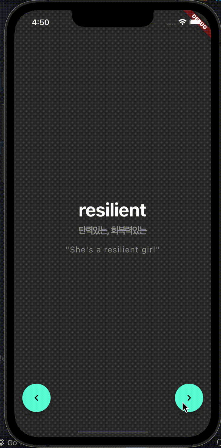 - 왼쪽 버튼을 클릭하면, 이 전 단어로 이동합니다.
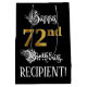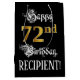 Den här utformandet och eleganten av presentsäcksdesignen innehåller budskapet "Lycklig 72:a födelsedagen", tillsammans med en redigerbar mottagare namn. En del av meddelandet finns i ett ordat skript-stil. Det stora antalet "72:a" har ett faux/imitation guld-inspirerat utseende mönster. Bakgrunden är svart på färgad. En sådan här presentpåse på en finare-födelsedag kan vara ett respektabelt sätt att figurera en gåva eller gåva som ges till någon som firar sin 72-årsdag. [~Z0000560]
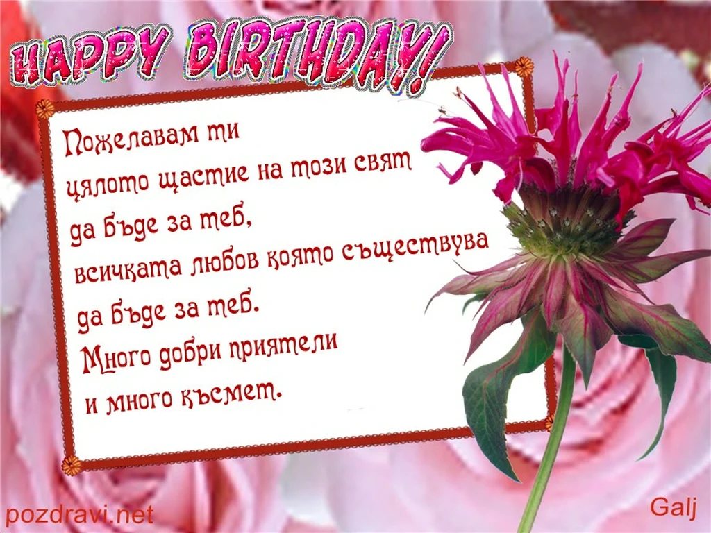 Пожелавам ти цялото щастие на този свят да бъде за теб, всичката любов която съществува да бъде за теб. Много добри приятели и много късмет. Честит рожден ден!
--
§ WHAT IS NEEDED:
Copy out all the data above exactly as written. Skip the pictures.

§ COMPLETED TASK:
 - 왼쪽 버튼을 클릭하면, 이 전 단어로 이동합니다.
 Den här utformandet och eleganten av presentsäcksdesignen innehåller budskapet "Lycklig 72:a födelsedagen", tillsammans med en redigerbar mottagare namn. En del av meddelandet finns i ett ordat skript-stil. Det stora antalet "72:a" har ett faux/imitation guld-inspirerat utseende mönster. Bakgrunden är svart på färgad. En sådan här presentpåse på en finare-födelsedag kan vara ett respektabelt sätt att figurera en gåva eller gåva som ges till någon som firar sin 72-årsdag. [~Z0000560]
 Пожелавам ти цялото щастие на този свят да бъде за теб, всичката любов която съществува да бъде за теб. Много добри приятели и много късмет. Честит рожден ден!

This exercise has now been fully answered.